Plausibility of Sampling for Processing

I just posted a preprint:

🔗 The Plausibility of Sampling as an Algorithmic Theory of Sentence Processing.

This work is a collaboration with Morgan Sonderegger, Steve Piantadosi, and Tim O’Donnell. It is based on the well-documented observation that for humans, the difficulty to process a given item of linguistic input depends on how predictable it is in context—more surprising words take longer to process. However, most existing theories of processing cannot simply and directly predict this behavior. What algorithm might be capable of explaining this phenomenon?

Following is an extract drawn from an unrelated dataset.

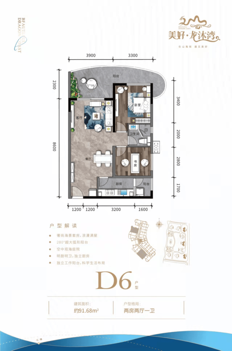④ 三房户型三面采光,空间方正合理,双独立明卫,270°环型瞰海阳台
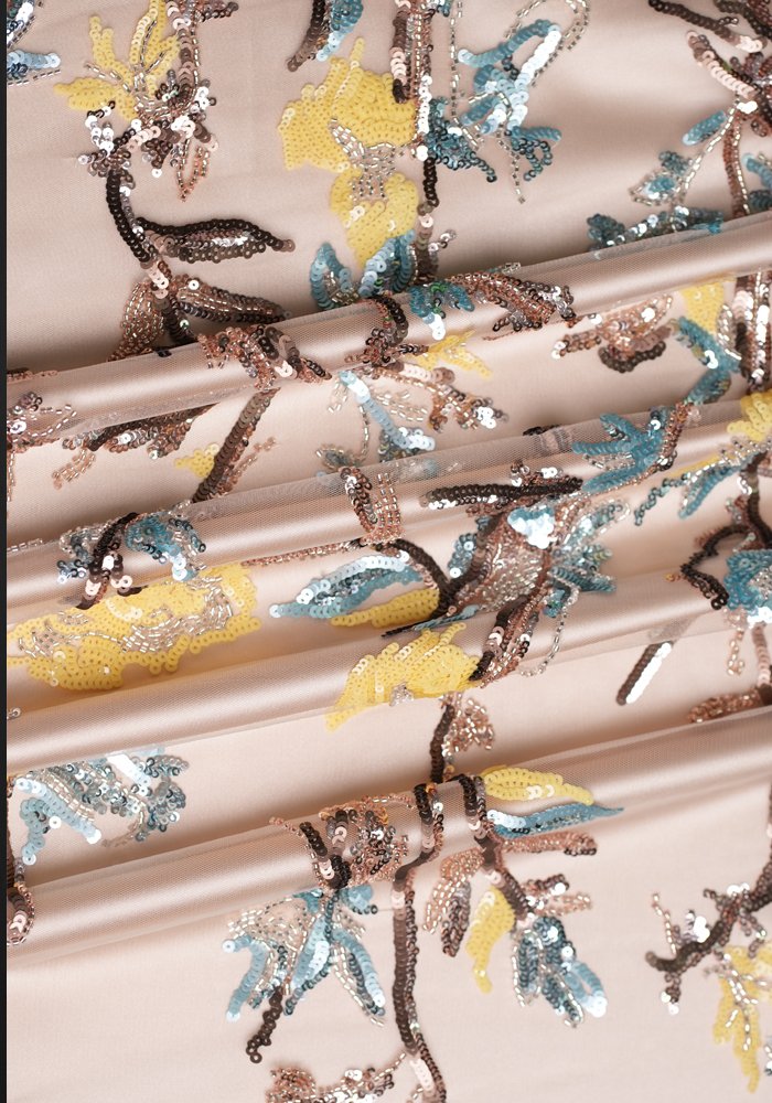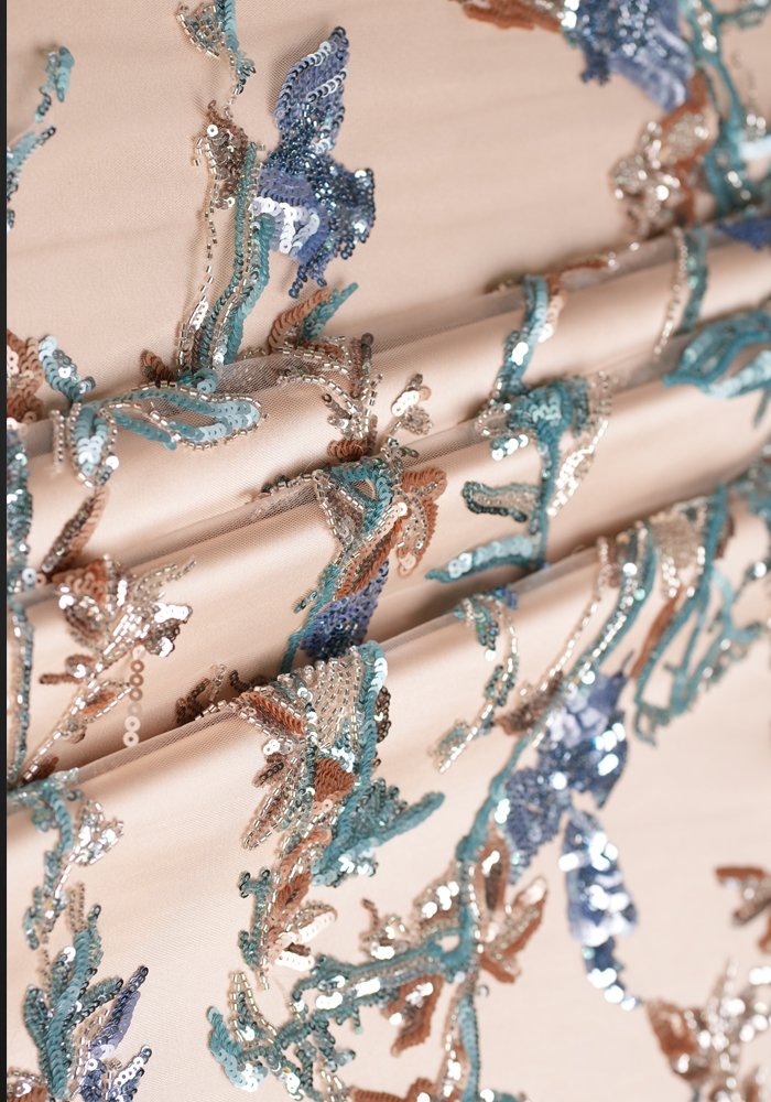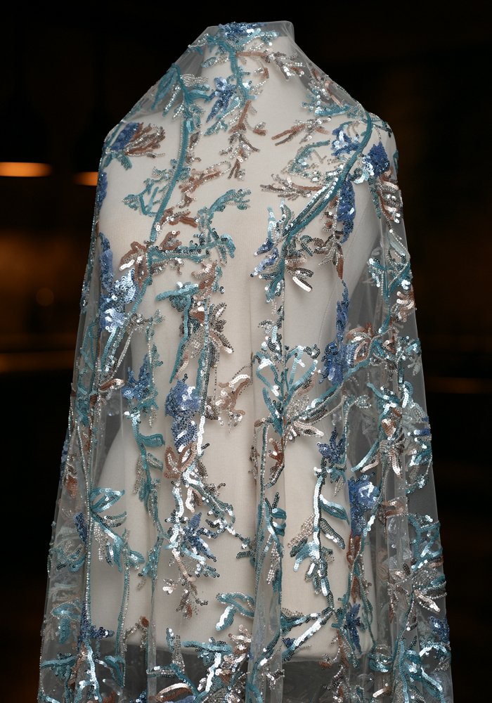 A refined tulle fabric featuring linear embroidery that resembles clean, straight lines—adorned with a mix of sequins, beads, and pearls. The design creates a structured yet delicate texture, offering subtle movement and shimmer with every step. Ideal for sophisticated gowns, elegant overlays, and couture pieces that blend minimalism with intricate detailing.

In this work, we focus on a class of algorithms whose runtime does naturally scale in surprisal—those that involve repeatedly sampling from the prior. Our first contribution is to show that simple examples of such algorithms predict runtime to increase superlinearly with surprisal, and also predict variance in runtime to increase. These two predictions stand in contrast with literature on surprisal theory (Hale, 2001; Levy, 2008) which argues that the expected processing cost should increase linearly with surprisal, and makes no prediction about variance.

In the second part of this paper, we conduct an empirical study of the relationship between surprisal and reading time, using a collection of modern language models to estimate surprisal, and fitting Generalized Additive Models of the relationship. We find that with better language models, reading time increases superlinearly in surprisal, and also that variance increases. These results are consistent with the predictions of sampling-based algorithms.

update 2023-07: Published in the journal Open Mind (2023) 7: 350–391. [🔗 open access]